Cold in the morning, hot in the afternoon. Long john bottoms, thermal top with wool shirt, fleece, and puffy jacket with hat on top for coffee in the morning, still fingers and toes got cold then later down to shorts and tee shirt barefoot on deck. We had dinner on a sandbar at 8, napped until 9, ran for a couple more hours, and now are tied up in another back slough, it's midnight and the sun is streaming through the back of the tent. I put on the last round of sunblock at 9 this evening. I love it here.

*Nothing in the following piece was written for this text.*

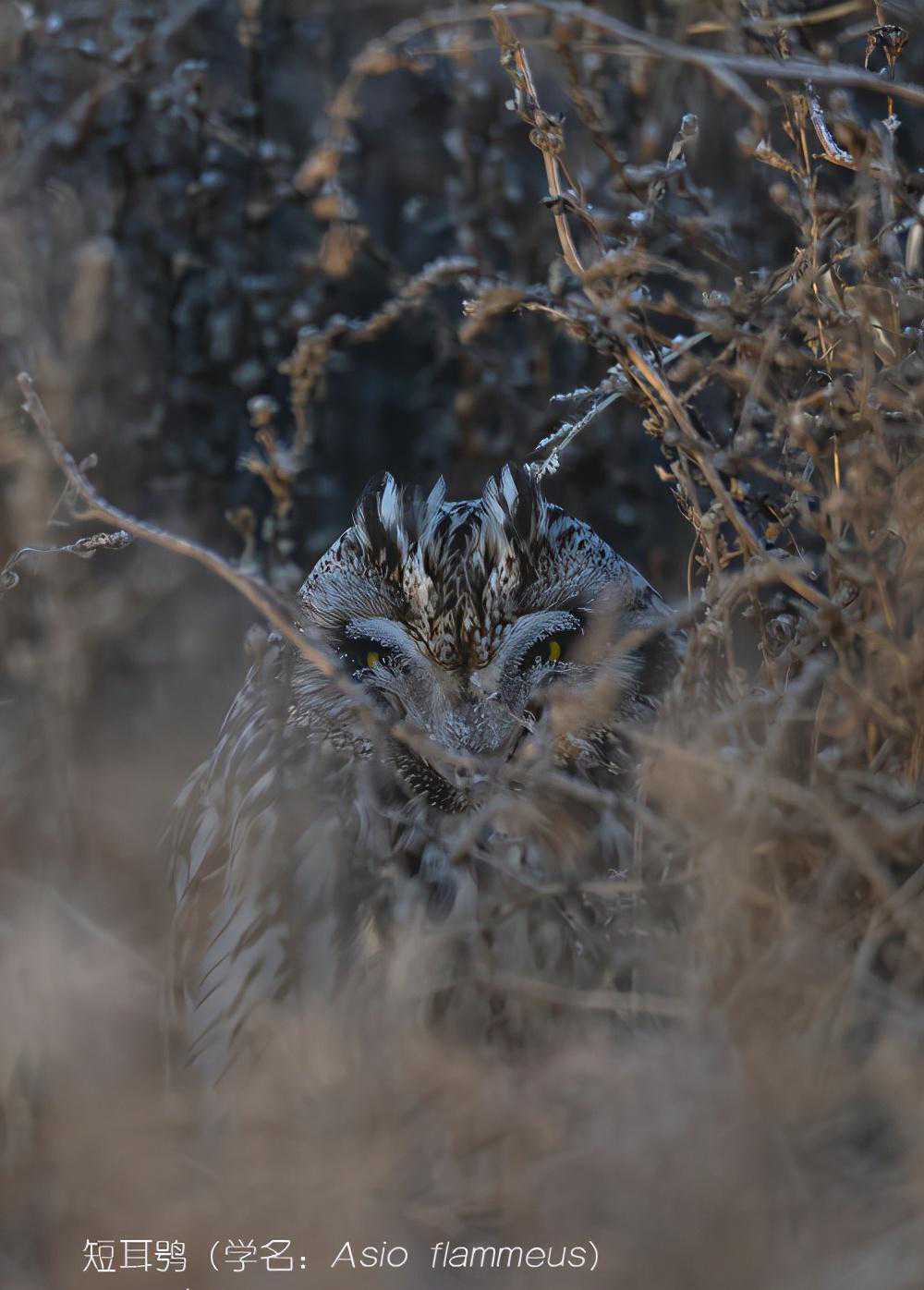 图片描述:在一个下雪的早晨,我开车来到湿地寻找心中鸟,开车转悠很久,心中的它一直没有出现,雪一直下,天越来越冷,正当我停车准备收拾设备回家的时候,抬头看见前方不远处有一堆草丛,我习惯性拿出望远镜看过去,立刻我就热血沸腾了,终于看见心中的它正静静地趴在草丛里,身上大部分被大雪覆盖着,其他部位又和草丛十分靠色,雕鸮与生俱来的保护色大大增强了它的安全系数。只要它不动,一般人还真很难发现它的存在。我怀着忐忑的心情慢慢把车开近一点,逐渐靠近、在我估计的安全距离选好角度停车打开窗户,拿出相机激动地按下快门记录它身影。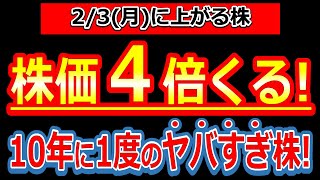 【株人生最大の衝撃!株価4倍確定級!10年に1度のヤバすぎる株!】2/3(月)に株価が上がる株・明日上がる株・株式投資日本株最新情報

All the villages seem to have a picnic table and a place to drive up to watch the boats come and go. There were about 6 people at the picnic table in Fort Yukon late this morning when we wheeled around the last bend, tried to cut across the sandbar, and got stuck enough that I had to put on the waders and get out and push back into deeper water. While we were struggling with our task the kind folks ashore were shouting advice and encouragement, of course. After we tied up and humbly walked up the gravel slope they were as nice as you could imagine and I immediately got a ride the half mile or so to the store/gas station, after a quick tour of town. Fort Yukon is the biggest of the Indian villages that we go through on the trip, with almost 300 families, a clinic, school, two stores, and cultural meeting house. I got my gas ($6.00 a gallon) and off we went in the truck back to the river. There is cell service here but neither Jeff nor I could connect with our phones, I think it is an Alaska thing. When I asked about a wifi hotspot from the girl in the store she looked either puzzled or confused, still the answer was no. Luckily my friendly driver Tony Carroll came to my rescue again.
Turns out that Tony is the manager of the power plant in town and the electrician and the lineman, for the 280 customers that are served by the giant diesel generators. First we went to the old generator building to his old office there and when we couldn't figure out what the password was we went to the new place. They have just completed a brand new five million dollar building with three new biofuel generators and a nice if not a little noisy office. Tony left me there for 45 minutes while he went back home to check on something. I was in his office at his desk hooked up to his wifi at the control center of electricity for the entire town, had just met him ten minutes ago (he watched us get onto and off of a sandbar) and he leaves me alone for almost an hour. Tony like most of the people in this town are Athabascan people, their name means "People of the Flat", they live largely subsistence lifestyles hunting geese and moose and bears and fishing for the king salmon that will arrive here in a few weeks. They are related to but speak a different language than the native people in most of the surrounding villages.
While we sat talking back at the picnic table, a couple of oddly well dressed and out of place missionaries, Jeff and Jeff, came by to invite us to church at the Arctic Circle Baptist Church, it was a Sunday after all. I gave Tony a couple of the salami beef logs that Truhn had brought up from Texas and I hope he considered it a fair trade, it was more than worth it for me. Truhn had been on the boat the whole time that I was in town (we heard from the village upstream to watch out for the bad people in Fort Yukon) talking to a semi-crazed semi-wise man who sat on shore and wore yellow shooting sunglasses. It was getting hot, we were ready to go, and so we untied about 3 hours after we pulled up. We got a wave goodbye and well wishes along with a caution to watch out for the next village downstream, Beaver, now those Indians are trouble. Right.